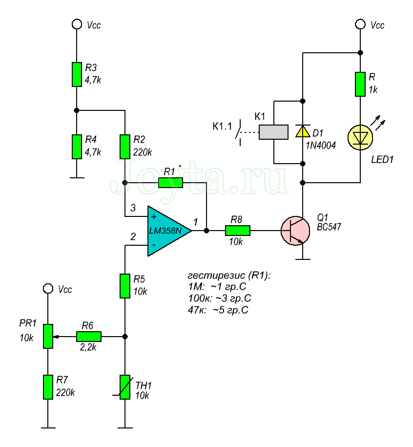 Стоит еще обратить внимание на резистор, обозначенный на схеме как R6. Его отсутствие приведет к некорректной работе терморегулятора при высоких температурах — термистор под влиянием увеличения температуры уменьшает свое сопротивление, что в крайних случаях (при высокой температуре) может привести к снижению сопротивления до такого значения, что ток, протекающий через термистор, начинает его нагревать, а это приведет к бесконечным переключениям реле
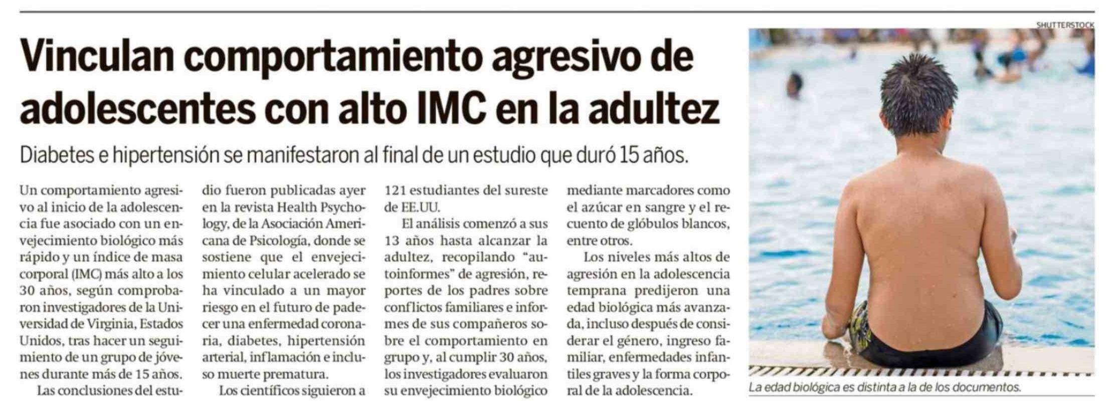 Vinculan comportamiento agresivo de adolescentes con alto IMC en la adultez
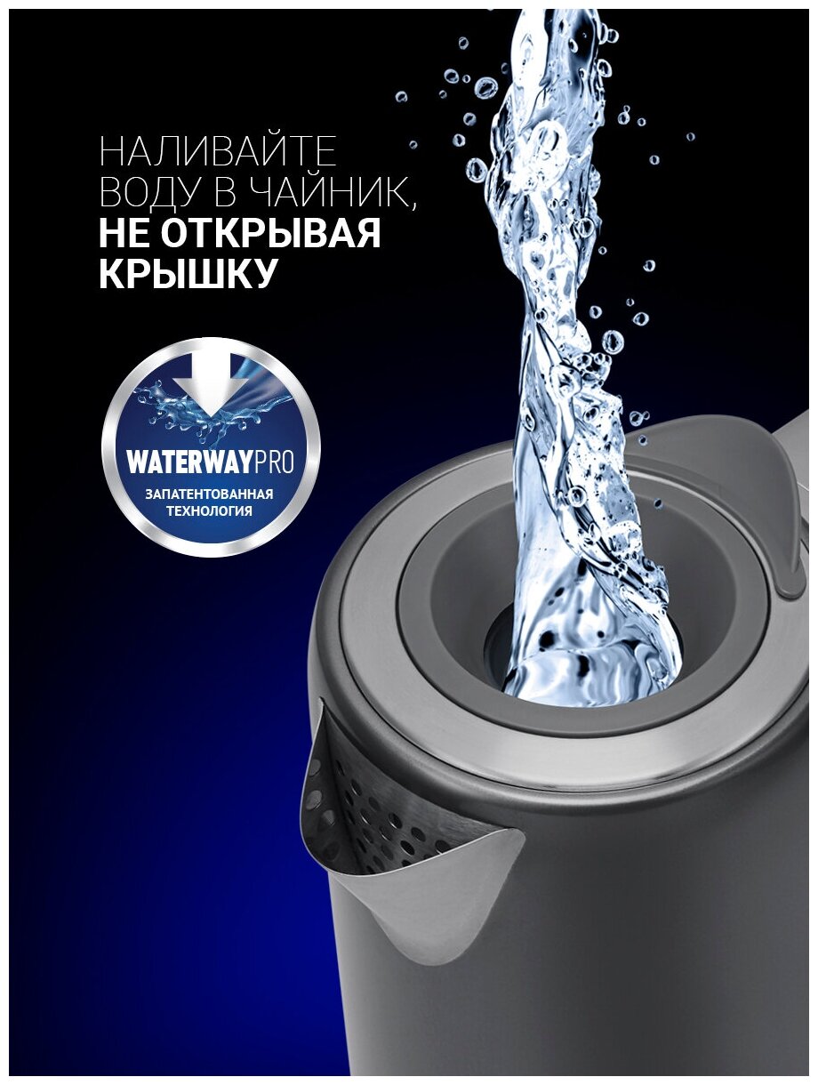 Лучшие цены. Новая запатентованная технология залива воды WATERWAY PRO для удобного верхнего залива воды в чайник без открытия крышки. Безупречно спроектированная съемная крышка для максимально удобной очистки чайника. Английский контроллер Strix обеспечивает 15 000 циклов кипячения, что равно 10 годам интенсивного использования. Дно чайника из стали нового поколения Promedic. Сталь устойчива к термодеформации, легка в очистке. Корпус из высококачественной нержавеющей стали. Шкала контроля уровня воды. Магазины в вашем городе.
........
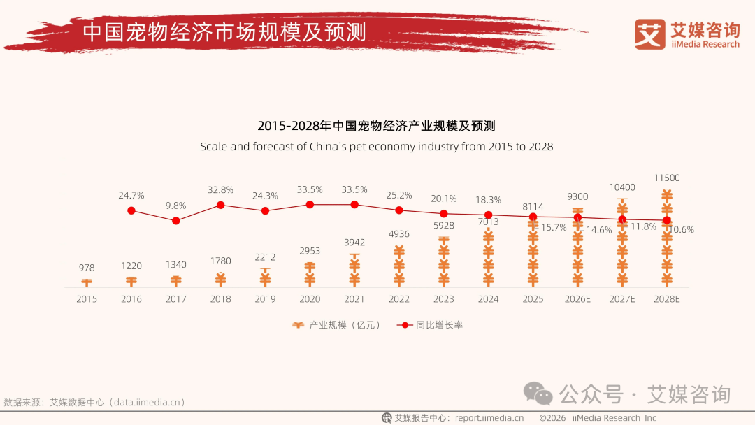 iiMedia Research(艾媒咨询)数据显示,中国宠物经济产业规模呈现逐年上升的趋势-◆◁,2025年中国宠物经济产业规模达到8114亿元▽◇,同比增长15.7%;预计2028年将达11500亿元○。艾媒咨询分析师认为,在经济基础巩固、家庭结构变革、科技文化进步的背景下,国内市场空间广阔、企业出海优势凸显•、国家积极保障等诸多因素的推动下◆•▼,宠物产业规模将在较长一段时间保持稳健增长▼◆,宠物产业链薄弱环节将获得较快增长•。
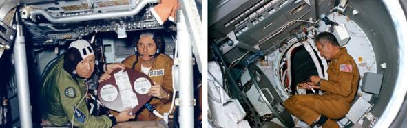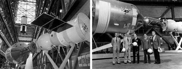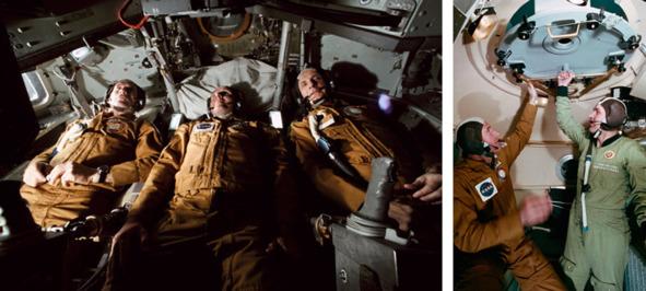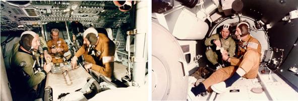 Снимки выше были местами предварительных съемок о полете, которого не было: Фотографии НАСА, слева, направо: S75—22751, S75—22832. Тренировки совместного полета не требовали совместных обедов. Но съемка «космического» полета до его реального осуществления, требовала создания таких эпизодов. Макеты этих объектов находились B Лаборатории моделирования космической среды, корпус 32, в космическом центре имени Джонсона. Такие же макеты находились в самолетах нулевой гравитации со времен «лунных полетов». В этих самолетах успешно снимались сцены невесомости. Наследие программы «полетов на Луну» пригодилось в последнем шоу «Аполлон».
........
Return exactly the stretch above whose first line contains "iiMedia Resear" and whose last line contains "Снимки выше были", and nothing outside it. The pictures should not appear.

 iiMedia Research(艾媒咨询)数据显示,中国宠物经济产业规模呈现逐年上升的趋势-◆◁,2025年中国宠物经济产业规模达到8114亿元▽◇,同比增长15.7%;预计2028年将达11500亿元○。艾媒咨询分析师认为,在经济基础巩固、家庭结构变革、科技文化进步的背景下,国内市场空间广阔、企业出海优势凸显•、国家积极保障等诸多因素的推动下◆•▼,宠物产业规模将在较长一段时间保持稳健增长▼◆,宠物产业链薄弱环节将获得较快增长•。
 Снимки выше были местами предварительных съемок о полете, которого не было: Фотографии НАСА, слева, направо: S75—22751, S75—22832. Тренировки совместного полета не требовали совместных обедов. Но съемка «космического» полета до его реального осуществления, требовала создания таких эпизодов. Макеты этих объектов находились B Лаборатории моделирования космической среды, корпус 32, в космическом центре имени Джонсона. Такие же макеты находились в самолетах нулевой гравитации со времен «лунных полетов». В этих самолетах успешно снимались сцены невесомости. Наследие программы «полетов на Луну» пригодилось в последнем шоу «Аполлон».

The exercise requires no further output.